A dog may be a man’s best friend, but with these two books, Oliver Jeffers makes a strong case for a penguin being a child’s best pal. I first met the round-headed, stick-legged boy and his pudgy penguin in Lost and Found. This is a quiet, heartwarming story about an unnamed boy who discovers a penguin at his door. The penguin, who doesn’t speak, looks sad, so the boy assumes the bird is lost. He does everything he can to help the penguin find its way home, including checking the Lost and Found office (“no one was missing a penguin”), asking other birds (“they ignored him”,) and consulting his rubber ducky (“he didn’t know either”). Finally, the enterprising boy decides he has to take matters into his own hands. After doing some research and finding out where penguins come from, the boy takes out his rowboat and sets off with his new feathered friend for the South Pole. It’s a long journey, but they pass the time with the boy telling stories and the penguin listening attentively to every one of his tales. When they reach the South Pole, it should be a happy homecoming for the penguin, but he looks sadder than ever and the two awkwardly part. Fortunately, as he’s returning home in the rowboat, the boy realizes he’s made a big mistake: “The penguin hadn’t been lost. It had just been lonely.” There’s only one thing left to do: Turn back around and find his friend, which he does in a very satisfying hug-filled ending.
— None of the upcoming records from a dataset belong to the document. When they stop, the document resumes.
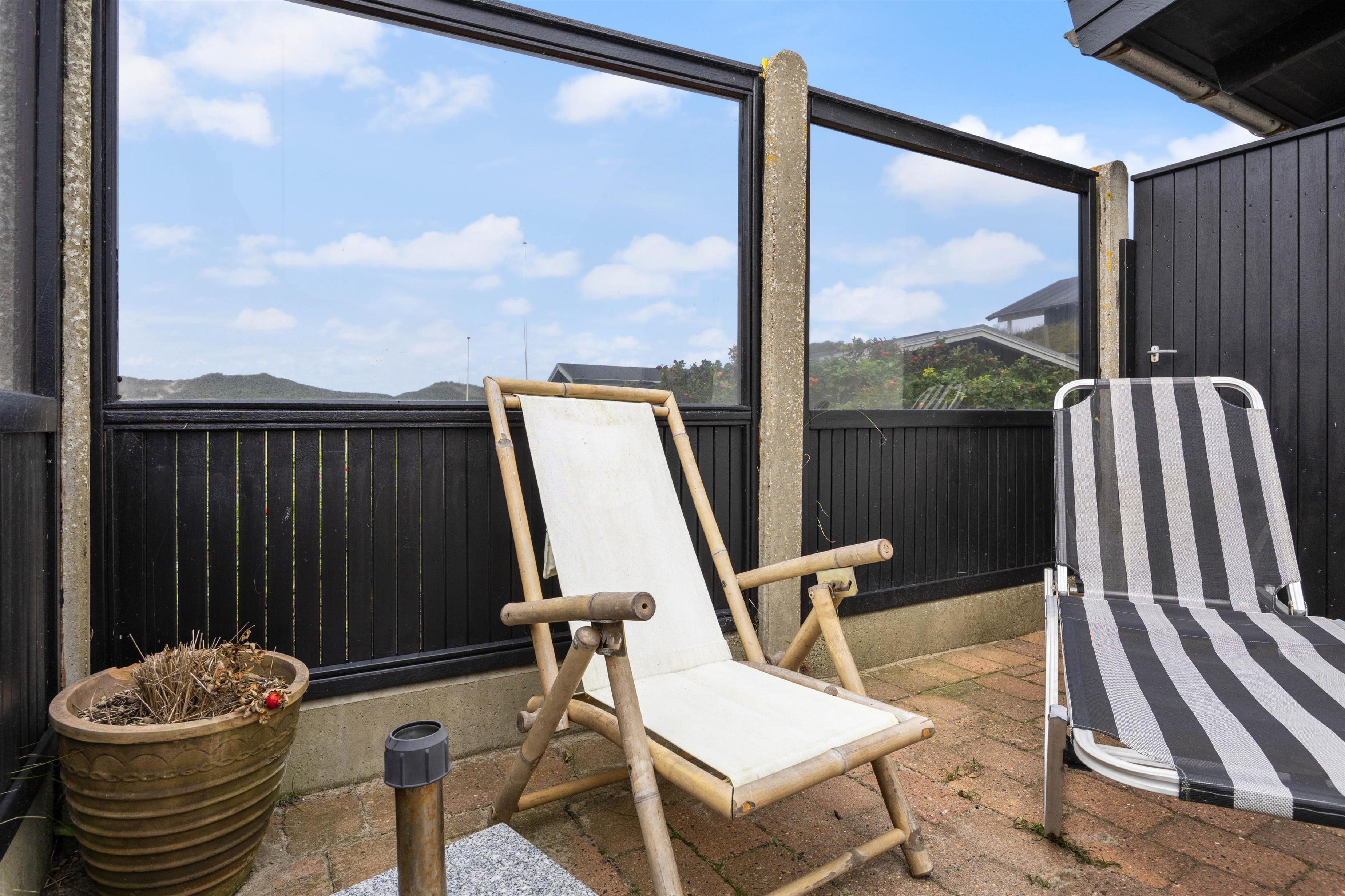 The holiday home's beautiful panoramic views make it truly unique. There's nothing better than getting up in the morning, brewing a lovely cup of coffee, and taking it out to the terrace to fully enjoy the stunning views. The holiday home features two terraces - a sheltered south-west terrace and an open east-facing terrace. The sheltered terrace provides welcome protection on windy days. Both terraces are furnished with garden furniture, sun loungers, and a barbecue, ensuring pure holiday relaxation and comfort are the order of the day.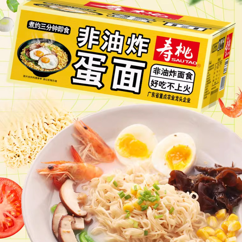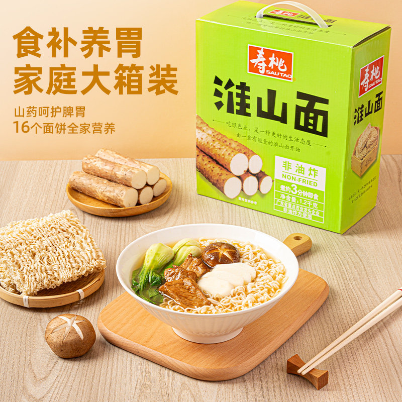 寿桃1.2kg非油炸蛋面淮山面早餐面整箱速食方便面汤面挂面 - 小食汇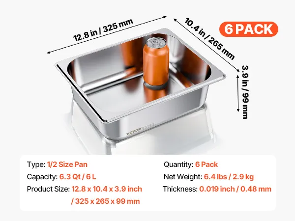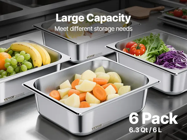 Genoeg ruimte voor eten: deze hotelpannenset (98 mm diep, 6-pack) heeft een inhoud van 6,3 liter (6 liter) en voldoet daarmee aan al je dagelijkse kookbehoeften. Ideaal voor het koken, bewaren en serveren van eten, ideaal voor vlees, groenten, fruit, ijs en meer.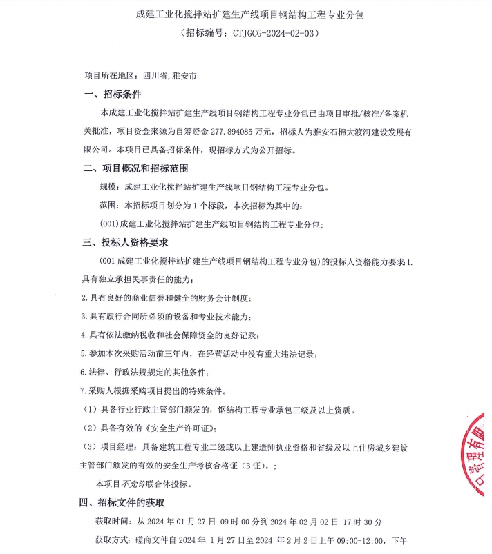 成建工業(yè)化攪拌站擴建生產(chǎn)線項目鋼結構工程專業(yè)分包公告
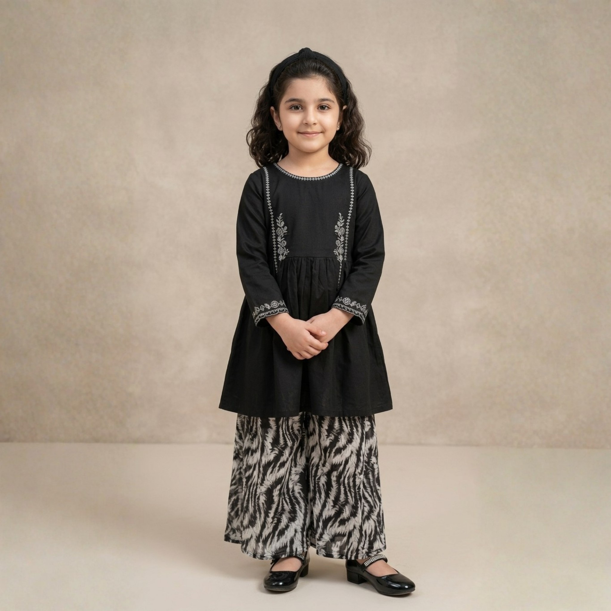 Paired with a bold printed plazo featuring a unique pattern, this outfit creates a fashionable contrast that stands out. The lightweight lawn fabric keeps your child cool and comfortable during hot summer days.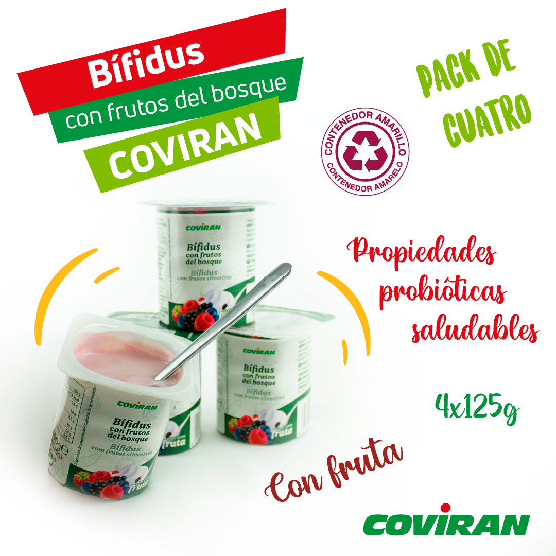 Disfruta del yogur bífidus con sabor frutas del bosque Covirán, ¡sano y sabroso!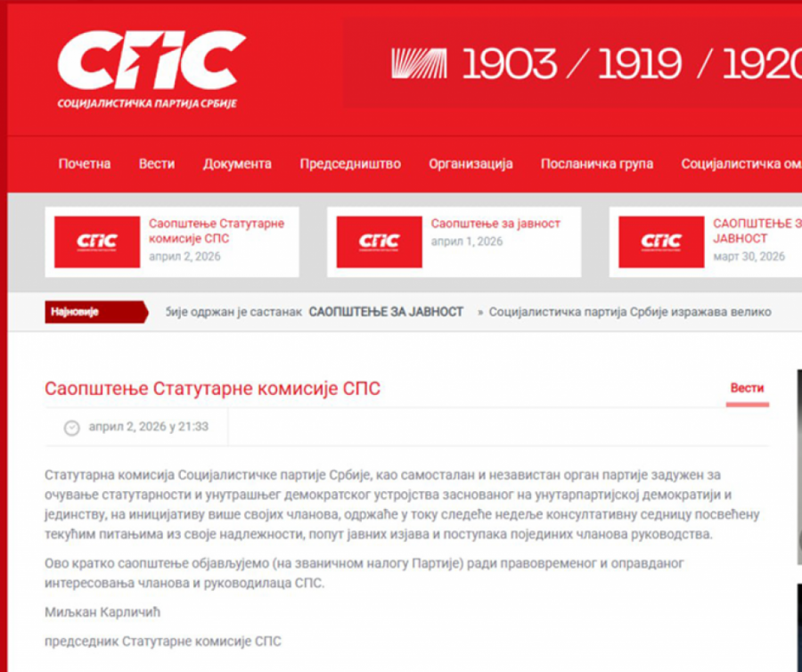 - Ovo kratko saopštenje objavljujemo radi pravovremenog i opravdanog interesovanja članova i rukovodilaca SPS - navodi se u saopštenju.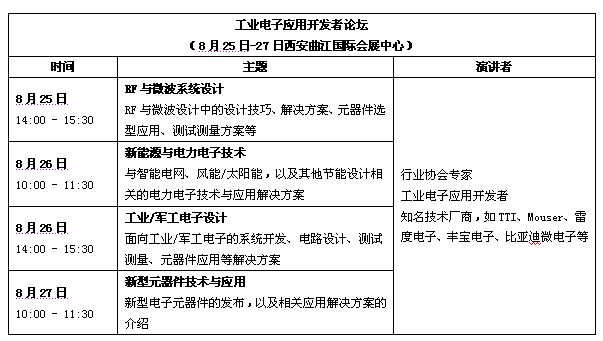 作為2011西部電子論壇中的一個(gè)新環(huán)節(jié),論壇組委會(huì)將聯(lián)合2011中國(guó)(西安)電子展,同期展會(huì)2號(hào)館推出工業(yè)電子應(yīng)用開(kāi)發(fā)者論壇,該活動(dòng)是2011中國(guó)(西安)電子展中的核心活動(dòng)之一,聚焦以西安為中心的電子行業(yè)最為關(guān)注的RF微波、新能源以及工業(yè)應(yīng)用等主題,邀請(qǐng)研發(fā)一線的工程師與領(lǐng)先的技術(shù)廠商代表同臺(tái)展示設(shè)計(jì)新技術(shù)、新思路、新方案,為工業(yè)電子應(yīng)用開(kāi)發(fā)者提供深入、平等交流的機(jī)會(huì)。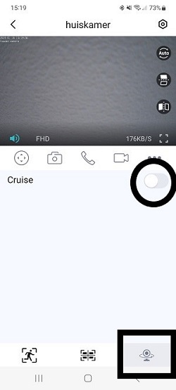 Daarnaast kun je met je Pan-Tilt camera 'cruisen'. Je kunt via de app rondkijken (horizontaal en verticaal) in het gebied dat je camera bestrijkt. Hiervoor moet je eerst de optie 'Cruise' activeren.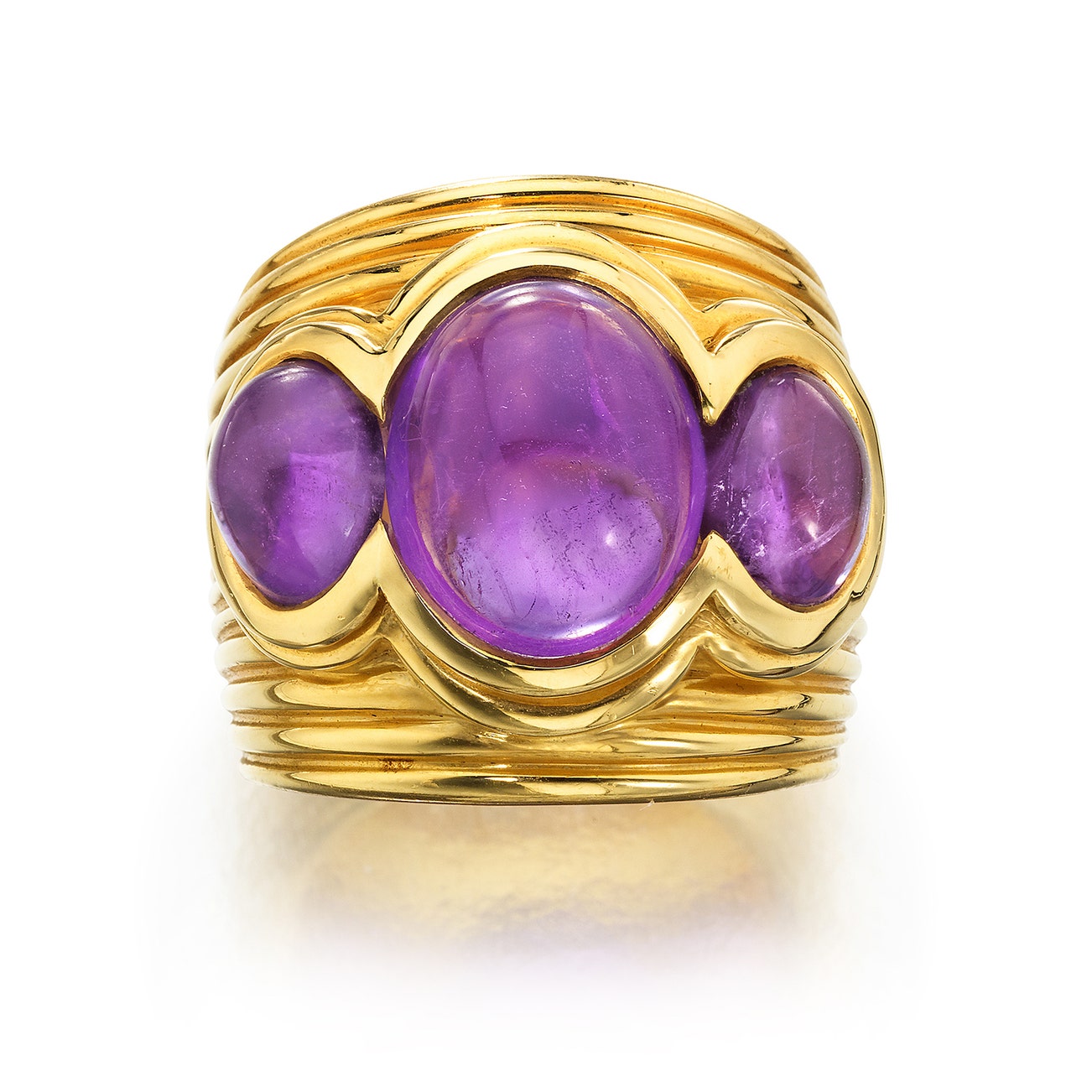 Set with three oval cabochon amethysts, mounted in 18k yellow gold, size 5.25, Signed René Boivin, French assay mark for 18k gold and maker's mark.

Five years later, I’m happy to report that the boy and penguin are back in Up and Down.  In the sequel, the two friends do everything together—until one day, the penguin decides he wants to fly. They try all sorts of schemes (leaping off a chair on top of a dresser, tying a large balloon to the penguin’s belly). But nothing works. In fact, “after doing a bit of homework, it seemed like the odds were against him…” (The boy reads a book titled “Penguins Can’t Fly” to the discouraged penguin.) Then one day the penguin sees a circus poster advertising for “a new living cannonball.” Here’s his chance to fly! He’s so excited that he rushes off to answer the ad and forgets to tell the boy. The two friends are separated and they miss each other very much. To make matters worse, the penguin is having second thoughts about his new job as a living cannonball.  But it’s too late. Terrified, the poor penguin finds himself being shot through the air. He “couldn’t believe how high or fast he was going, and he had no idea how he was going to land." As with Lost and Found, the ending is sweet and utterly satisfying. Boy and penguin meet up again in a dramatic will-boy-get-there-just-in-time-to-catch-the–penguin sequence. Children will cheer as the best buds reunite and make their way back home—together.


With gentle humor and understated wit (evident in both his whimsical watercolors and text), Jeffers has created a memorable pair of friends. You don’t have to have read the first book to enjoy the sequel. Each fanciful story stands on its own—reminding readers young and old just how special and magical a good friendship can be. I hope we don’t have to wait another five years for boy and penguin to reappear.


Are you familiar with these or others books by Oliver Jeffers? Which stand out for you?